2. Materials and methods

2.1 Materials

2.1.1 RNA-seq

15 ng of total RNA was input into the Illumina RNA Access kit (Illumina, San Diego, CA) and performed according to the manufacturer’s instructions on a Hamilton STAR robot. Pools of 16 samples were sequenced on the NextSeq 500 with a NextSeq v2 chemistry 150 cycle kit (Illumina, San Diego, CA) using paired-end 76 cycle sequencing chemistry.

2.1.2 Targeted DNA-seq

96 SNPs informative SNPs were chosen based on RNA-seq data for common dbSNPs that had heterozygotes in $>$ 10% of the sequencing population, and average coverage $>$ 200x. 87 SNPs gave functional amplicons in the ion torrent assay. 10 ng of genomic DNA extracted from fine-needle aspirated biopsies of thyroid nodules was used as the input for the ThermoFisher Ion AmpliSeq DNA assay according to manufacturer’s instructions. The library inputs were quantitated with the ThermoFisher Taqman Quantitation kit. The libraries were pooled together to a final concentration of 50 pM for loading onto the Ion 540 chip in the ThermoFisher Ion Chef and sequenced on the ThermoFisher Ion S5XL. The Torrent Server Suite generated base calls, reads, aligned reads, and vcf files relative to the hg19 build of the human genome.

2.1.3 Lung transbronchial biopsy (TBB) samples

RNA-seq data were generated from 699 lung transbronchial biopsy (TBB) samples of 112 patients (Pankratz et al., 2017). Each patient has 3–5 different samples that are called as biological replicates.
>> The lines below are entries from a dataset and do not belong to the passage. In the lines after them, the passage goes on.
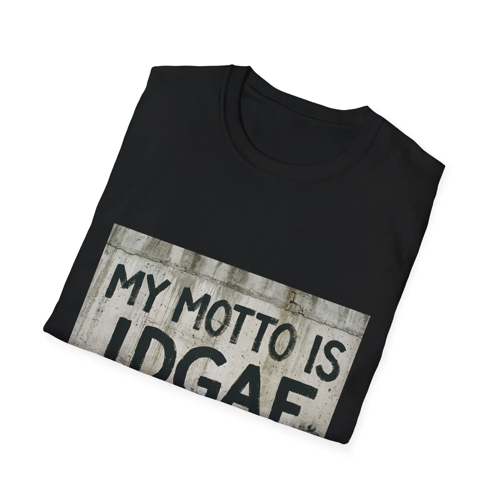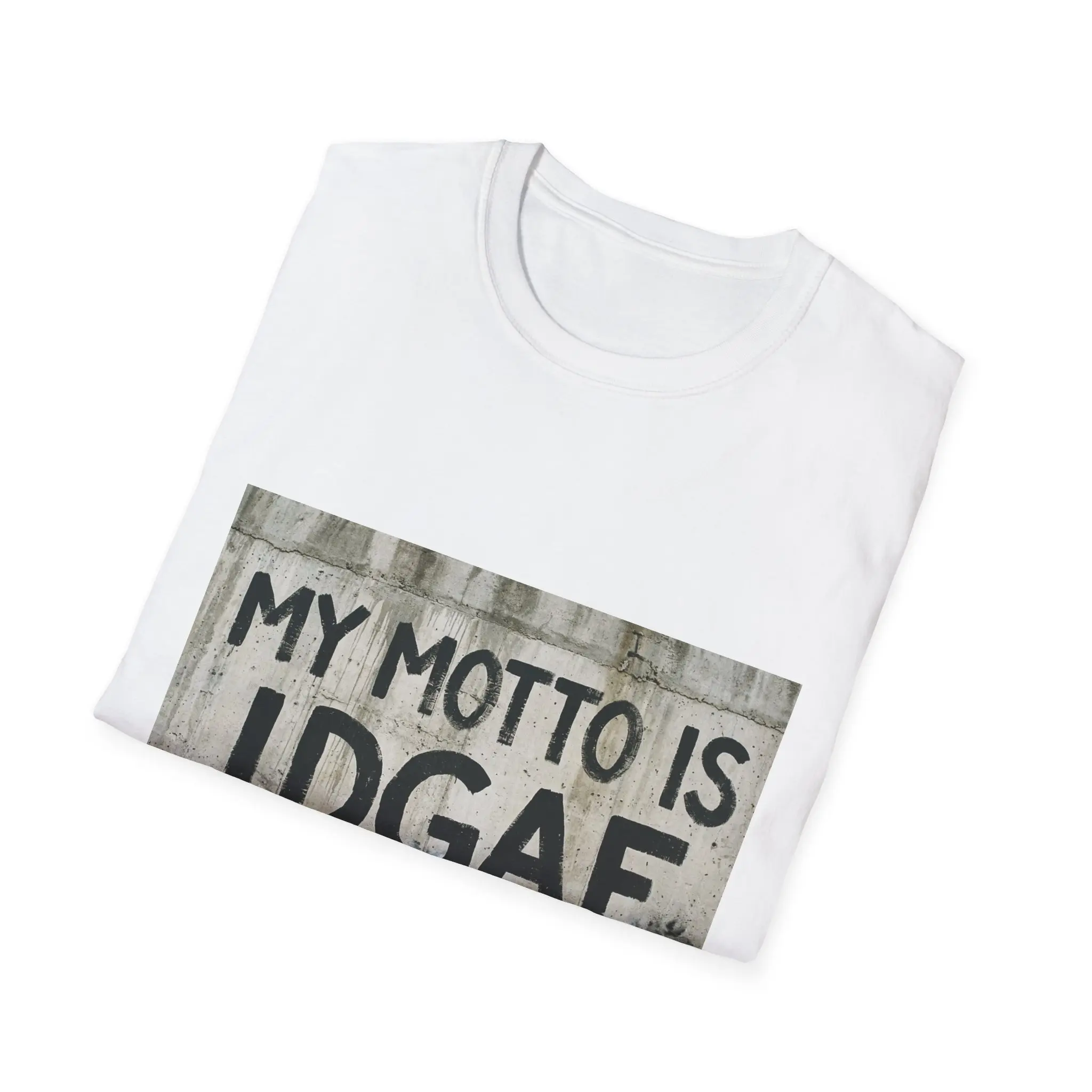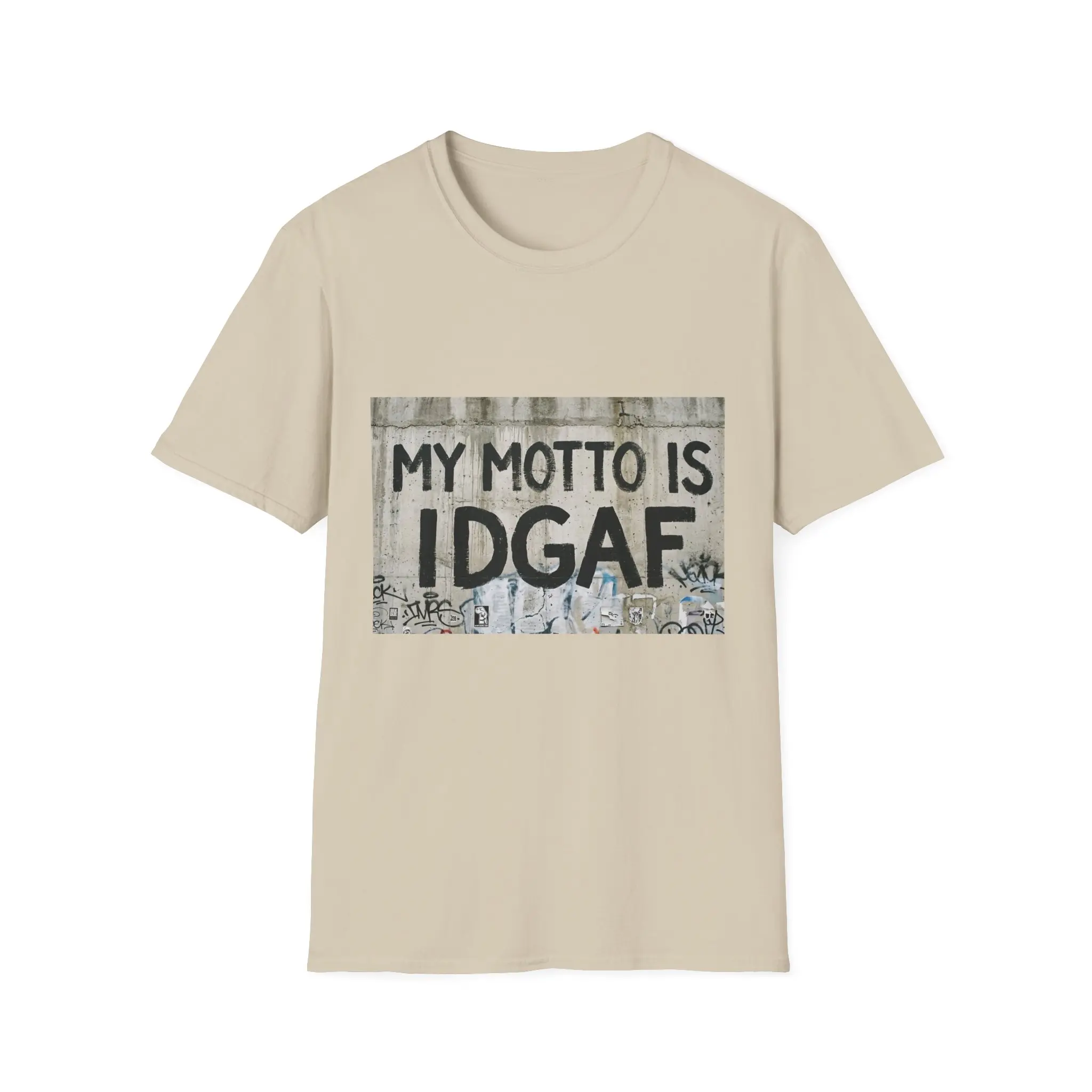 This lightweight crewneck tee carries a bold streetwise statement: a gritty, stenciled graphic that reads “MY MOTTO IS IDGAF” against a weathered concrete backdrop. The soft, ring-spun cotton drapes cleanly and feels breathable, so the attitude comes through without sacrificing comfort. Wear it layered under a denim jacket on a city night or alone on warm, slow afternoons—this shirt blends everyday ease with unapologetic edge. The classic fit keeps the silhouette familiar and wearable, while the tear-away label and reinforced collar keep it feeling simple and reliably comfortable through repeated wear.
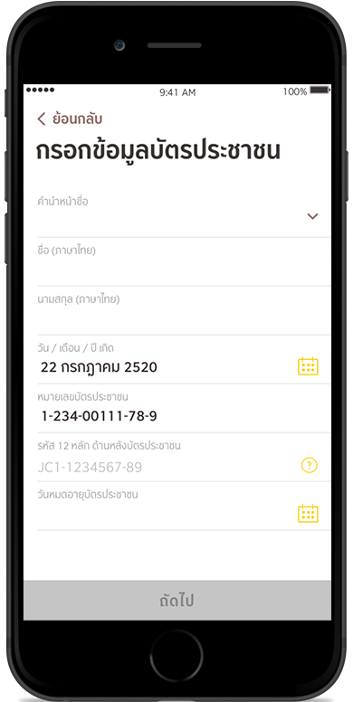 กรอกข้อมูลตามบัตรประชาชน
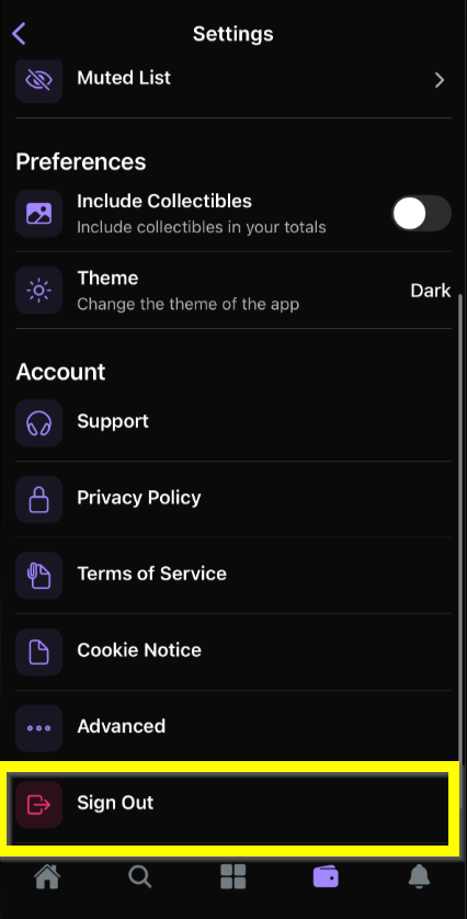 You can always safely disconnect from the Mobile App by going into the Wallet screen & in your Settings. From the Settings view, simply scroll completely down and then select "Sign Out"
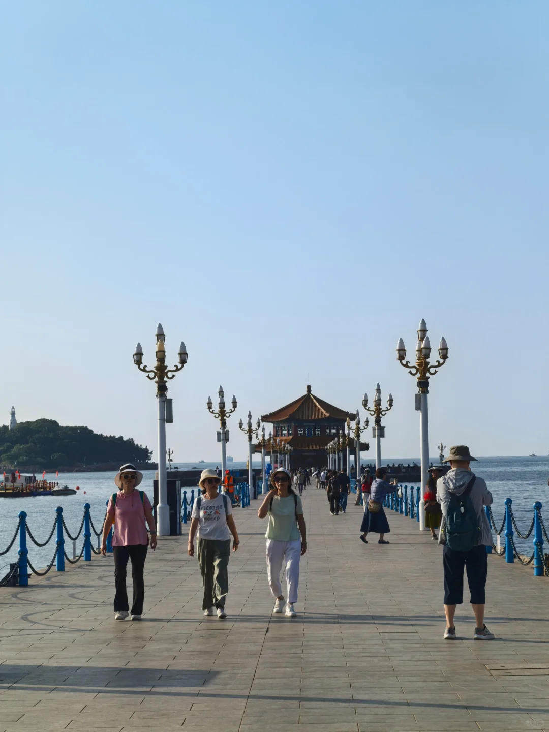 升温了[失望R]建议早6~10点,下午3点以后出门,海边必须防晒。夏装出游。栈桥人很少。
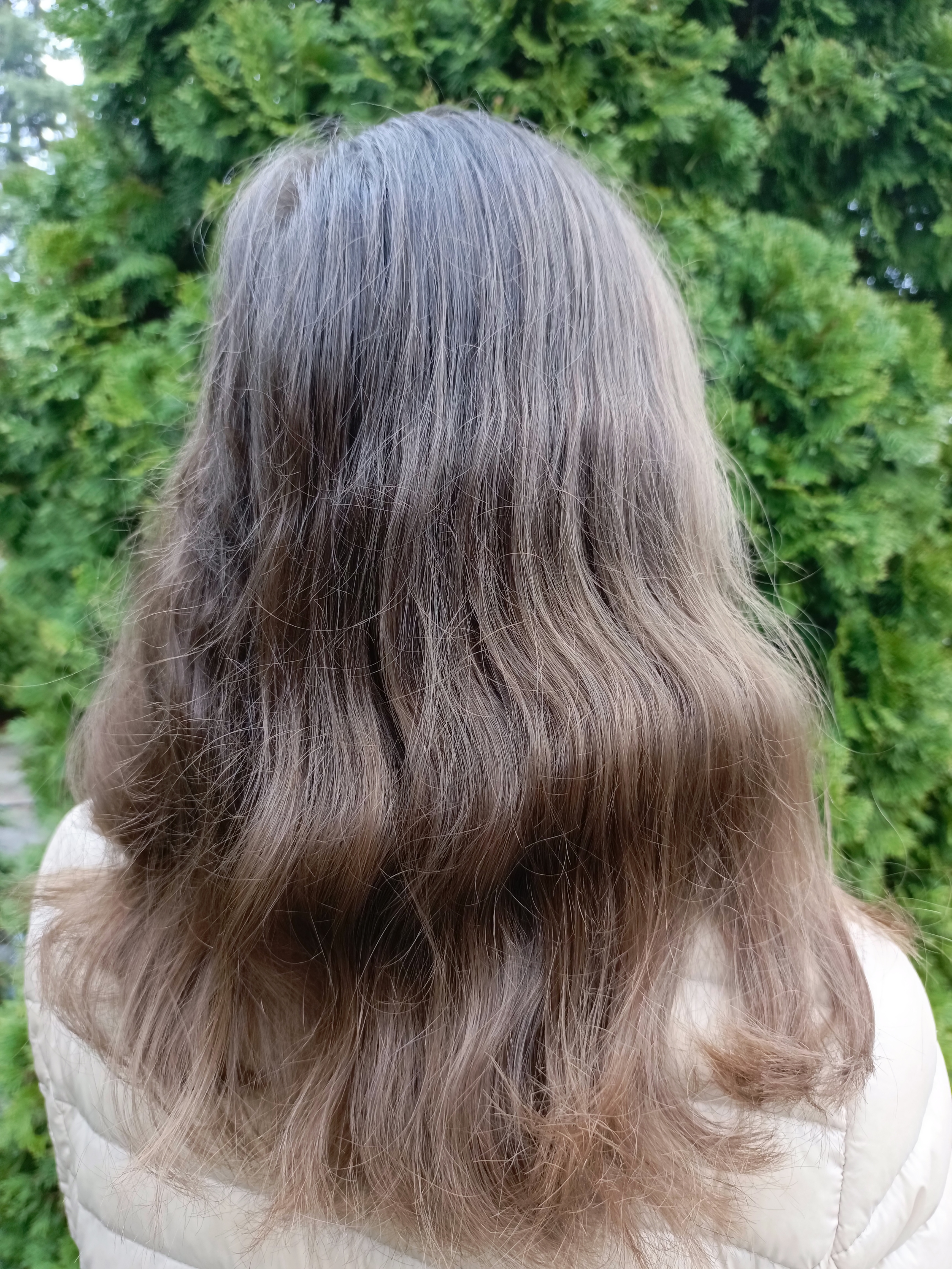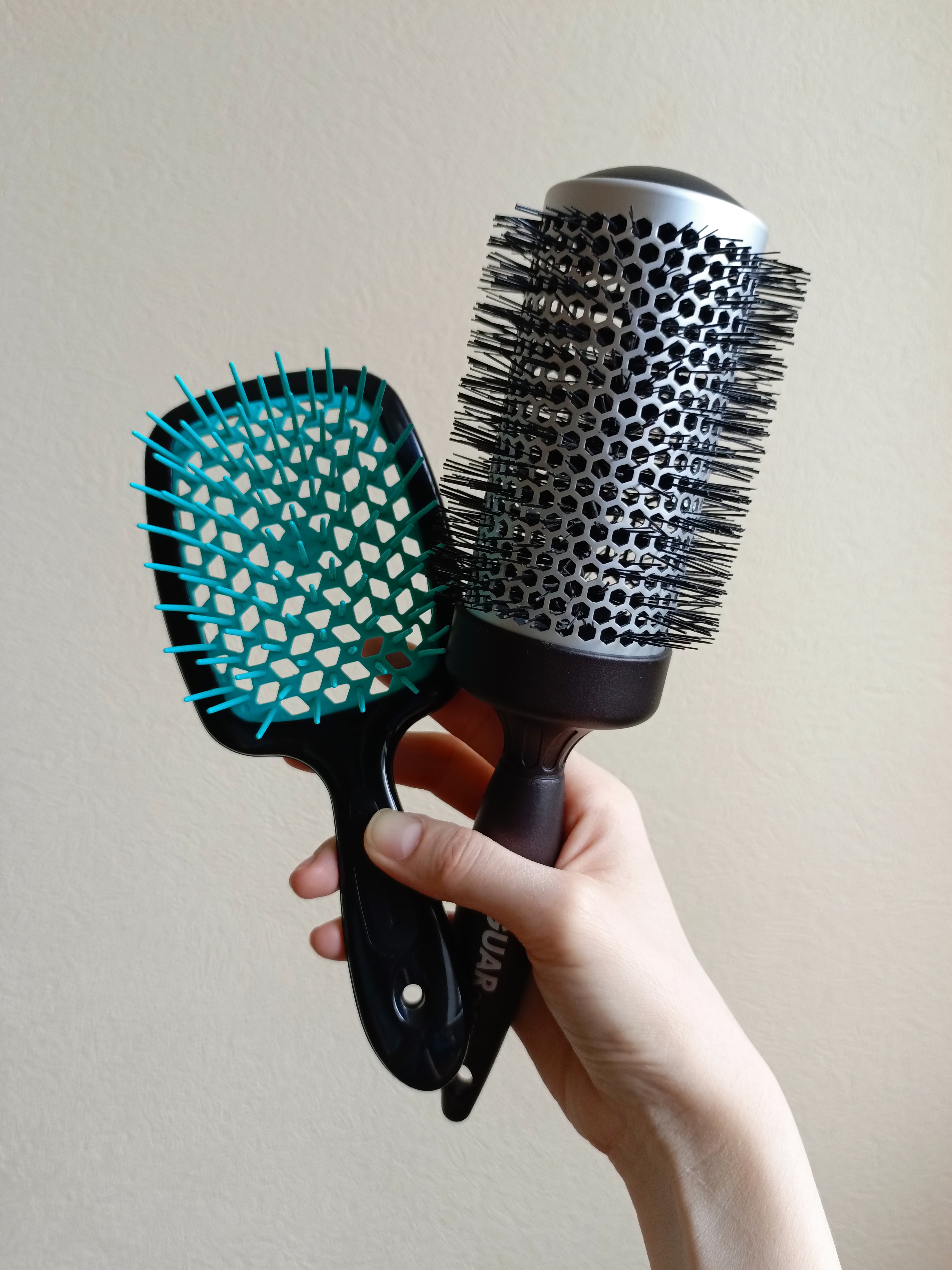 - Приступаю к укладке. Изначально пользовалась только продувной расческой: одной рукой проводила ею под прядями, а другой держала фен — так, чтобы поток воздуха шел вдоль роста волос. Результат — на втором фото. Позже взялась за у̶м̶ брашинг: прочитала, что эта техника помогает избавиться от пушистости и нежелательных завитков. Навык пока не отточен, поэтому кончики остаются волнистыми (см. третье фото).
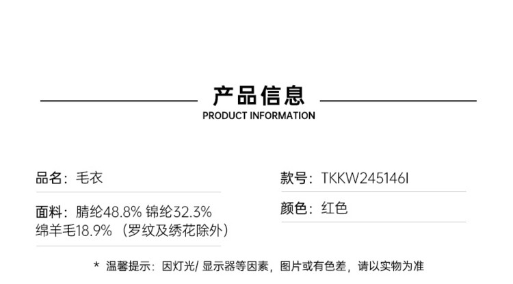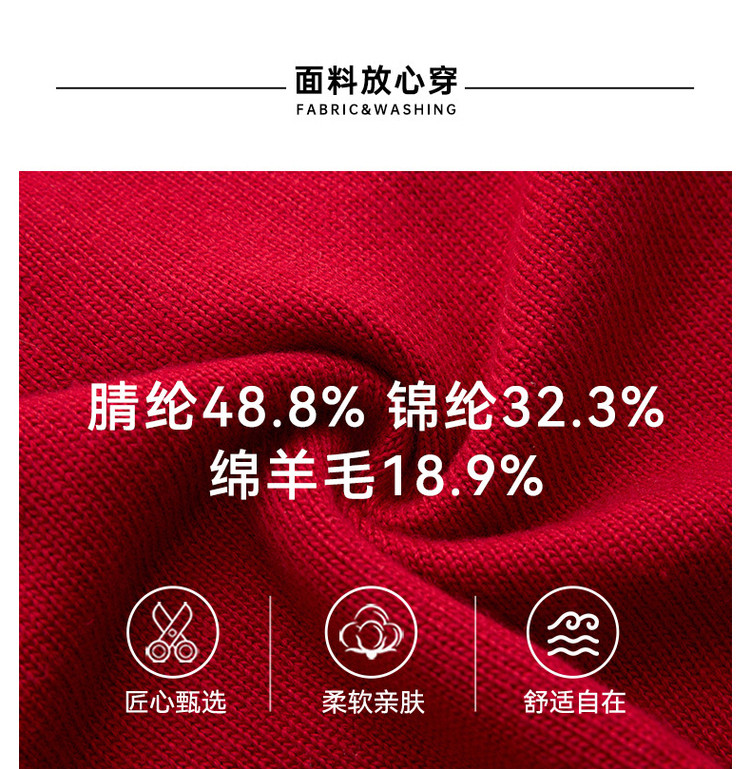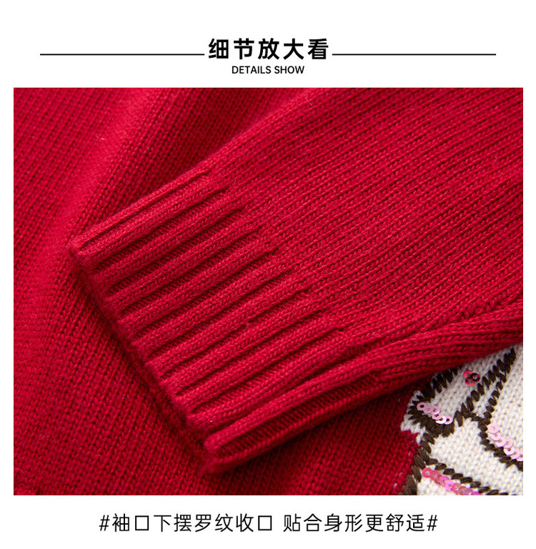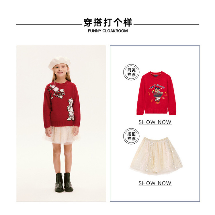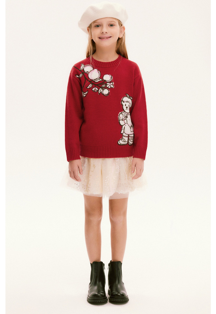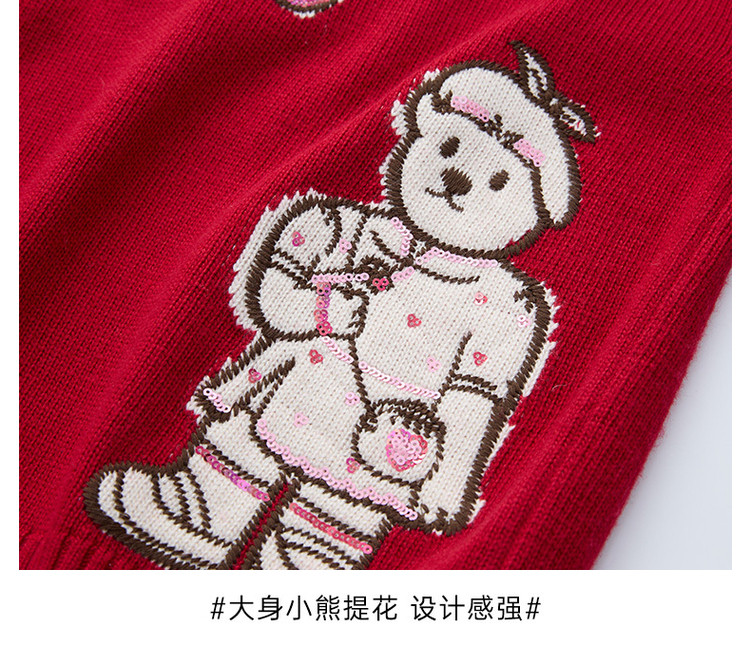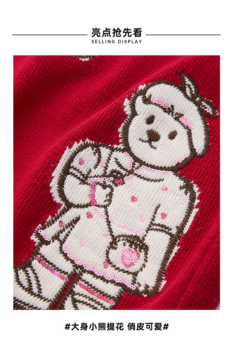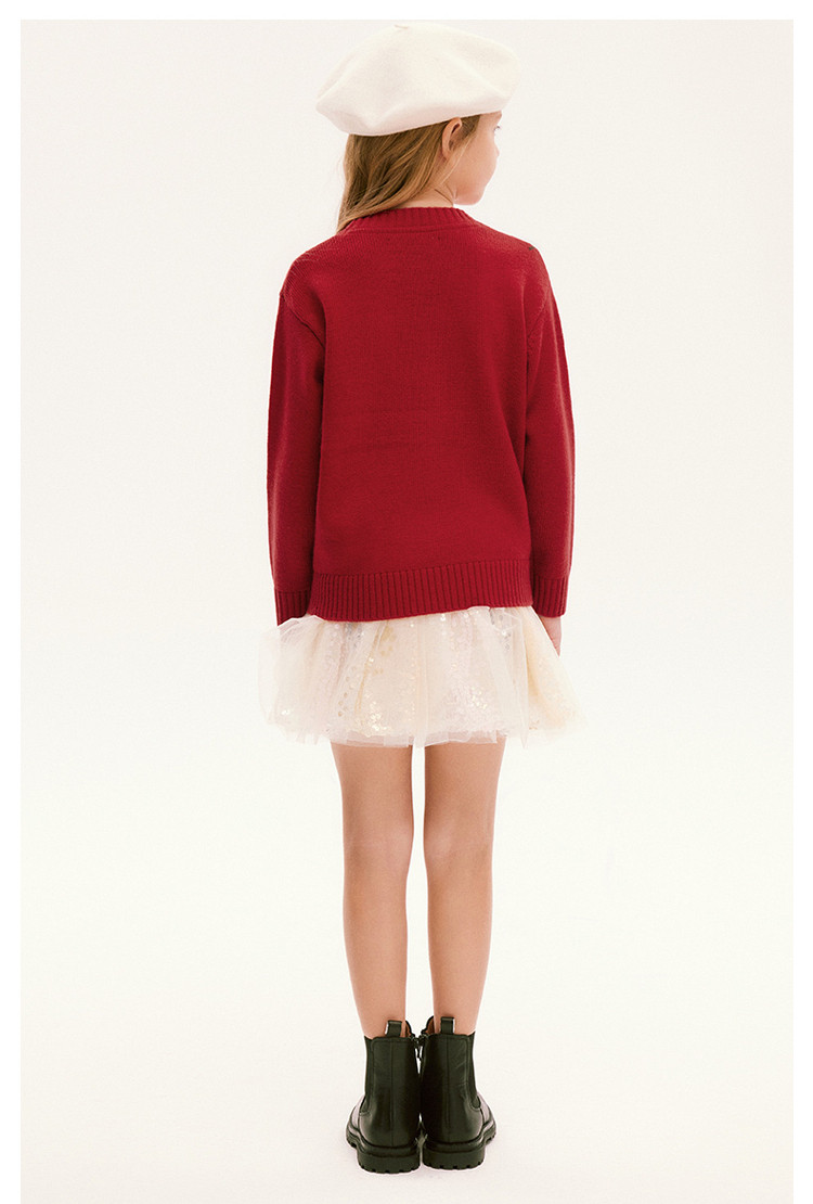 商品名称:小熊童装红色春季款女童提花圆领套头针织毛衣 519745

Eight lung samples were chosen for quality control and sequenced repeatedly across 8 different batches, which are referred to as technical replicates. Among 243,951 pairs, there are 1,893 pairs of biological replicates and 563 pairs of technical replicates.

2.1.4 Thyroid tissue samples

RNA-seq data were generated for 2,053 samples over 26 batches and with a total of 2,106,159 pairs of independent samples, 49 pairs of biological replicates and 170 pairs of technical replicates. Additionally, DNA-seq data were generated for 609 samples and matched with 2,047 RNA-seq samples after removing low quality samples. There were 589 matched pairs between DNA-seq and RNA-seq data and 1,246,034 pairs of different samples.

2.2 Methods

2.2.1 Variant calling pipeline

A customized analysis pipeline was used to process the raw sequencing data from the NextSeq 500 and generate variant calls that is the foundation of the kinship analysis described in this manuscript. The first step is de-multiplexing the raw sequencing reads, and assigning reads to each sample. This is done through the Illumina public software, BCL2FASTQ. Before and after the de-multiplexing, customized scripts are developed to prepare the parameters for BCL2FASTQ, re-organize the FASTQ files and check any contamination and the FASTQ quality before the pipeline can be invoked.

After de-multiplexing, the pipeline was designed by following the GATK Best Practices for variant calling on RNA-seq (Engström et al., 2013). It consists of two sections: pre-process and variant call. The first section includes STAR-based 2-pass alignment against the human genome build 37, mark duplicates and sort, detection of fusion by STAR Fusion, expression profiling via HTSeq-count, RNASeQC, and SAMTools QC. The second section, which is processed via GATK, is composed of six parts: splitting reads across exons and trimming N’s off, indel re-alignment, recalibration to adjust quality scores, variant call, variant filtration, and coverage at known sites.

2.2.2 Estimating IBD sharing and kinship coefficients

We adapt the concept of kinship coefficient to track technical/biological replicates, monitor sample integrity and potentially measure sample quality. We describe briefly identity by descent (IBD)-sharing probabilities, k-coefficients, and kinship coefficient, and then a method for kinship coefficient estimation.

The three k-coefficients, $k_{0ij}$ , $k_{1ij}$ and $k_{2ij}$ , are defined as the probability that a pair of non-inbred individual $i$ and $j$ share, 1, and 2 alleles IBD respectively at a genetic locus. The kinship coefficient between individual $i$ and $j$ , is defined to be the probability that an allele selected randomly from individual $i$ and an allele selected randomly from the same autosomal locus of individual $j$ are IBD. The relationship between k-coefficients and kinship coefficient is $\phi_{ij}=0.5k_{2ij}+0.25k_{1ij}$ and ${0\leqslant\phi}_{ij}\leqslant 0.5$ .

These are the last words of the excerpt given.